The true parasites just described, and many others. like them, are nourished by the blood of their neighbors, but they never establish themselves in the organs of their host, being free throughout their lives. There is another class that live in freedom while young, but when arrived at mature age, and the cares of a family are soon to be assumed, they change in appearance, choose a host, and settle down for life. The chigoe, a parasite of man in South America, is one of these. It is only the female, however, that demands both lodging and provisions, the male (Fig. 18) being contented with pillaging his victim as he passes by. It is a small species, which pierces the shoes and clothes with its pointed beak (Fig. 19), and penetrates into the substance of the skin, generally selecting that of the toes.
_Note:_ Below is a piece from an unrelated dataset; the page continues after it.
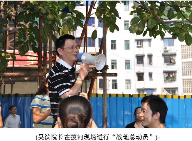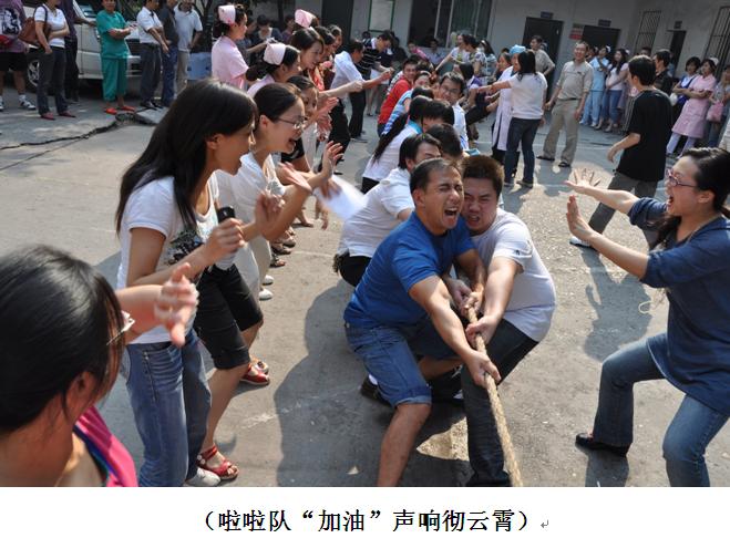 ? 9月29日下午,醫(yī)院黨委、團(tuán)委、工會(huì)聯(lián)合主辦了“慶國(guó)慶中秋游園活動(dòng)”,全院職工(除值班人員外)參加了本次活動(dòng)。在醫(yī)院操場(chǎng)展開了一場(chǎng)精彩、激烈的“拔河比賽”,各隊(duì)“大力士”憋足全身氣力,在此起彼伏的吶喊聲中,齊心協(xié)力而有節(jié)奏地開始“PK”。但見這些平時(shí)拿針、拿藥的,文靜、靦腆的小伙子和姑娘們,個(gè)個(gè)圓瞪雙眼、漲紅著雙臉,拼命地緊拉繩索,有的鞋子蹬掉了,有的褲子磨破了……。歡聲笑語響徹云霄,每個(gè)人都是那樣的開心,因?yàn)榇蠹抑溃褐匾牟皇敲?,而是增進(jìn)了大家團(tuán)結(jié)奮進(jìn)的協(xié)作力!這種團(tuán)隊(duì)精誠(chéng)協(xié)作的精神正是中醫(yī)醫(yī)院人孜孜不倦所追求的精神!

The male, as

Fig. 18.—Male Chigoe. Fig. 19.—Head of Chigoe.

just remarked, takes his food and resumes his wanderings, but the female seeks a hiding-place for permanent abode, and then grows to such a monstrous size that the entire insect appears to be nothing more than a mere appendage to the abdomen, as may be seen in Fig. 20, Besides man, this parasite infests the dog, the cat, the pig, the goat, the horse, and the mule.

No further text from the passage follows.